Lagrangian Interpolation

Given a set of points \( (x_1,y_1), (x_2,y_2) \dots (x_n,y_n)\) we want to find a polynomial of degree \(n-1\) which passes through all of the given points.

We start by observing that:

\[P_j(x) = y_j\frac{ \prod_{i=1, i\ne j}^n (x-x_i)}{\prod_{i=1, i\ne j}^n (x_j-x_i)}\]
is a polynomial of degree \(n-1\) which is zero for all of the \(x_i\)'s except for \(i=j\) where it takes the value \(y_j\). This is by construction since the polynomial is set up to have roots \(x_i,\ i=1..j-1,j+1, ...n\), and to take the value \(y_j\) at \(x_j\)

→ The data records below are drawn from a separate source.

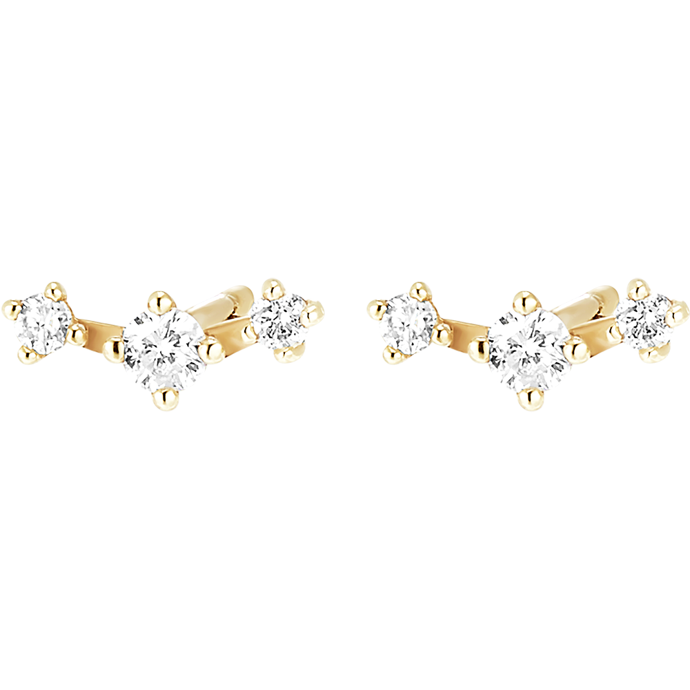 Un paio di orecchini a lobo in oro giallo impreziositi da 3 diamanti. Delicatezza ed eleganza per questo modello da indossare in ogni occasione.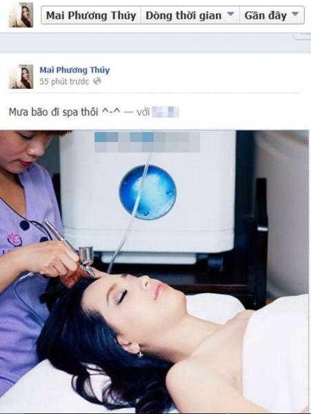 Vừa qua, cơn bão Haiyan vừa đổ bộ qua đất nước Philippines, miền Trung và miền Bắc Việt Nam đã càn quét và làm thiệt hại về người và của, Mai Phương Thúy cũng như những người dân tại Đông Nam Á rất đau xót về sự việc này. Tuy nhiên, người đẹp Mai Phương Thúy đã bị bôi nhọ nhân cách và bị quy chụp là vô tâm trước siêu bão Haiyan. Cụ thể, Facebook giả mạo Mai Phương Thúy đã đưa ra một status vô tâm rằng mưa bão thì nên đi Spa, kèm theo đó là một loạt hình ảnh thay đổi chóng mặt của người đẹp khi có sự can thiệp của spa từ trước đến nay. Một điều đáng lo ngại trong thời điểm này, đó là facebook giả mạo Mai Phương Thúy, đưa ra những status và hình ảnh kém tinh tế làm tổn hại nghiêm trọng đến hình ảnh của cô. Bởi kèm theo những hình ảnh là các comment phẫn nộ, đả kích người đẹp về hành động vô tâm.
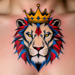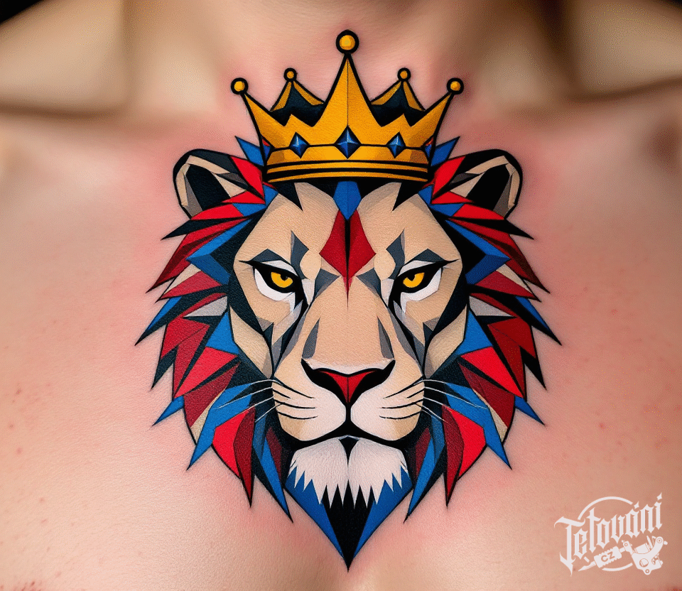 Tetování český lev s korunou na hrudi

Now consider the polynomial:
\[P(x)=\sum_{j=1}^n P_j(x)\]
This is of degree \(n-1\) and only the \(k\)-th term is non-zero at \(x_k\) where it takes the value \(y_k\) and so \(P(x_k)=y_k\). Hence \(P(x)\) is a polynomial of degree \(n-1\) which passes through all the points in our given set.

Example:
Take the points: \( (1,2), (2,1), (4,3), (7,5) \), then our polynomials are:
\[ \begin{aligned} P_1(x)&=-\frac{(x-2)(x-4)(x-7)}{9}\\ P_2(x)&=\phantom{-}\frac{(x-1)(x-4)(x-7)}{10}\\P_3(x)&=-\frac{(x-1)(x-2)(x-7)}{6}\\P_4(x)&=\phantom{-}\frac{(x-1)(x-2)(x-4)}{18}\end{aligned}\]
Then combining these and simplifying:
\[P(x)=P_1(x)+P_2(x)+P_3(x)+P_4(x) =-\frac{11x^3-137x^2+424x-478}{90}\]